This presentation does not constitute or form part of and should not be constructed as, an offer to sell, or the solicitation or invitation of any offer to buy or subscribe for, securities of Company, any holding company or any of its subsidiaries in any jurisdiction or an inducement to enter into investment activity. No part of this presentation, nor the fact of its distribution, should form the basis of, or be relied on in connection with, any contract or commitment or investments decision whatsoever.
We operate in an industry for which it is difficult to obtain precise industry and market information. Market data and certain economics and industry data and forecasts used, and statements made herein regarding our position in the industry were estimated or derived based upon assumptions we deem reasonable and from our own research, surveys or studies conducted at our request for us by third parties or derived from publicly available sources, industry or general publications such as newspapers.

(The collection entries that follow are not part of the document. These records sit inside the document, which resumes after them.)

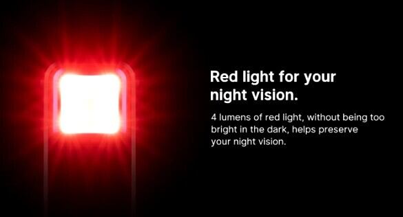 ・デュアル光源: 白色光と赤色光の2つの光源を搭載。白色光は作業灯として、赤色光は夜間の視界を妨げない安全灯として使用できます。
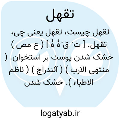 تقهل. [ ت َ ق َهَْ هَُ ] ( ع مص ) خشک شدن پوست بر استخوان. ( منتهی الارب ) ( آنندراج ) ( ناظم الاطباء ). خشک شدن پوست. ( از اقرب الموارد ). || بدحال شدن. ( منتهی الارب ) ( آنندراج ) ( ناظم الاطباء ). || آلوده داشتن خود را و پاک و صاف ناکردن تن را. || سست و نرم رفتن. || ضعیف و نرم گردیدن آواز. || گله کردن حاجت. ( منتهی الارب ) ( آنندراج ) ( ناظم الاطباء ) ( از اقرب الموارد ).
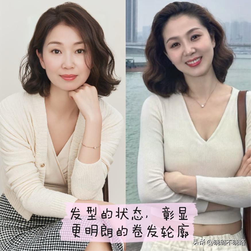 所以在今天的分享當中也建議各位女性,尤其在到了五六十歲的時候,儘量還是優先於選擇運用短款的髮型狀態爲主。第1款推薦給大家可以放心使用的就是短款,且是屬於微卷款式的髮型,這樣的弧度走向其實在視覺上是可以非常明顯的將我們的臉型輪廓進行優化的,而且最終所襯托出來的氣質也比較的優雅溫柔。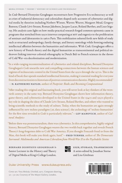 In Code Bernard Dionysius Geoghegan reconstructs how Progressive Era technocracy as well as crises of industrial democracy and colonialism shaped early accounts of cybernetics and digital media by theorists including Norbert Wiener, Warren Weaver, Margaret Mead, Gregory Bateson, Claude Lévi-Strauss, Roman Jakobson, Jacques Lacan, Roland Barthes, and Luce Irigaray. His analysis casts light on how media-practical research forged common epistemic cause in programs that stretched from 1930s interwar computing at MIT and eugenics to the proliferation of seminars and laboratories in 1960s Paris. This mobilization ushered forth new fields of study such as structural anthropology, family therapy, and literary semiology while forming enduring intellectual affinities between the humanities and informatics. With Code, Geoghegan offers a new history of French theory and the digital humanities as transcontinental and political endeavors linking interwar colonial ethnography in Dutch Bali to French sciences in the throes of Cold War-era decolonization and modernization.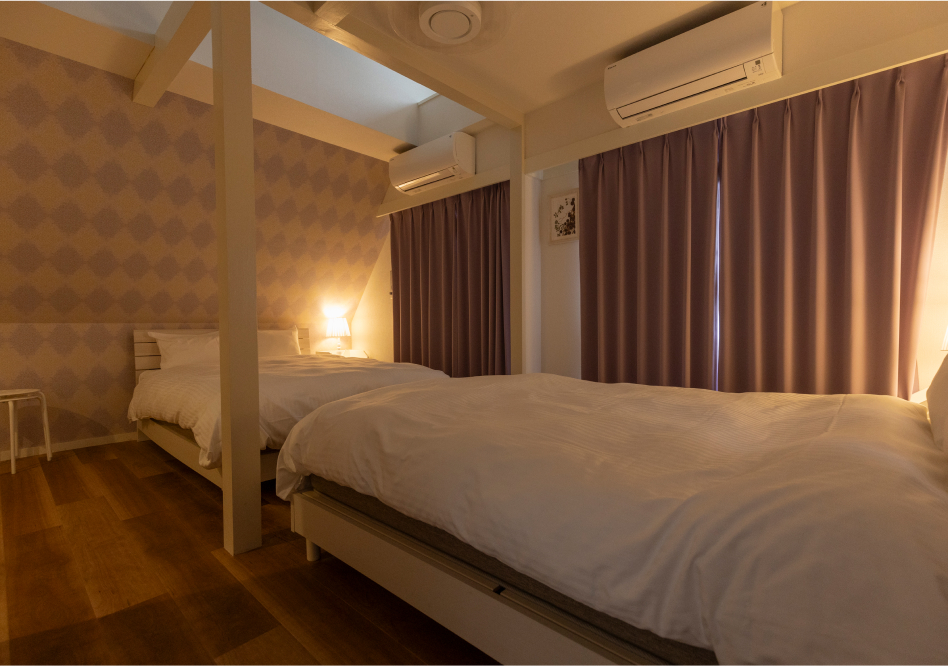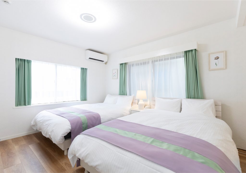 Wi-Fi / エアコン / バルコニー / 専用バスルーム / バスタブ / シャワー / ハンドタオル / バスタオル / ドライヤー / シャンプー / リンス / ボディーソープ / 歯ブラシ / スリッパ / ウォッシュレットトイレ2箇所

This presentation and its contents are confidential and must not be distributed, published or reproduced (in whole or in part) by any medium or in any form, or disclosed or made available by recipients to any other person, whether or not such person is a Relevant Persons. If you have received this presentation and you are not a Relevant Person you must return it immediately to the Company. This presentation does not constitute a recommendation regarding the securities of the Company.
This presentation and any materials distributed in connection with this presentation are not directed to, or intended for distribution to or use by, any person or entity that is a citizen or resident or located in any locality, state, country or other jurisdiction where such distribution, publication, availability or use would be contrary to law or regulation or which would require any registration or licensing within such jurisdiction.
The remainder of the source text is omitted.